EXERCISE PROMPT:
Each line below should be repeated exactly as written, with no pictures carried over.
+++ DATA EXTRACT
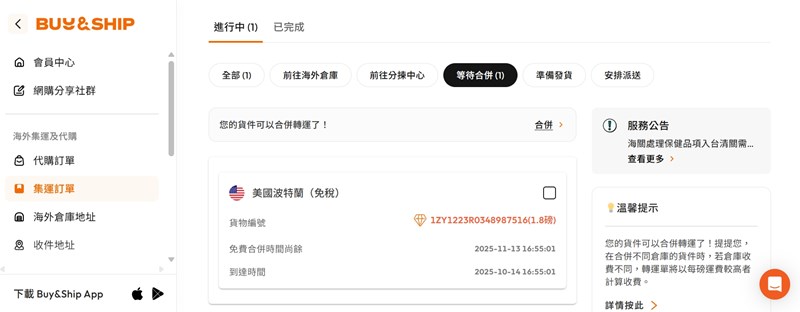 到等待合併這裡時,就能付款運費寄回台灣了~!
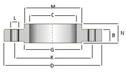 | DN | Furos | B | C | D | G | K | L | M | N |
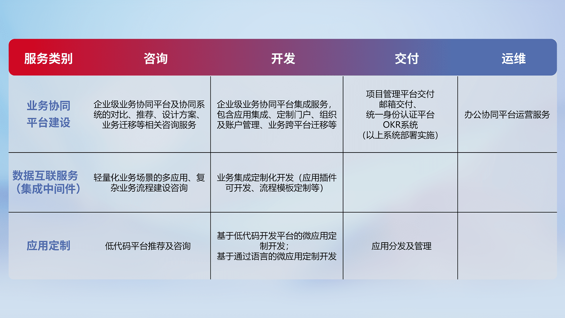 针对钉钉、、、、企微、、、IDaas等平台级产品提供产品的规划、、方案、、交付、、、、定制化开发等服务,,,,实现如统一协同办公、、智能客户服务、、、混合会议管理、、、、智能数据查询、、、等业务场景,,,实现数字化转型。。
++++++
OUTPUT OF THE EXERCISE:
 到等待合併這裡時,就能付款運費寄回台灣了~!
 | DN | Furos | B | C | D | G | K | L | M | N |
 针对钉钉、、、、企微、、、IDaas等平台级产品提供产品的规划、、方案、、交付、、、、定制化开发等服务,,,,实现如统一协同办公、、智能客户服务、、、混合会议管理、、、、智能数据查询、、、等业务场景,,,实现数字化转型。。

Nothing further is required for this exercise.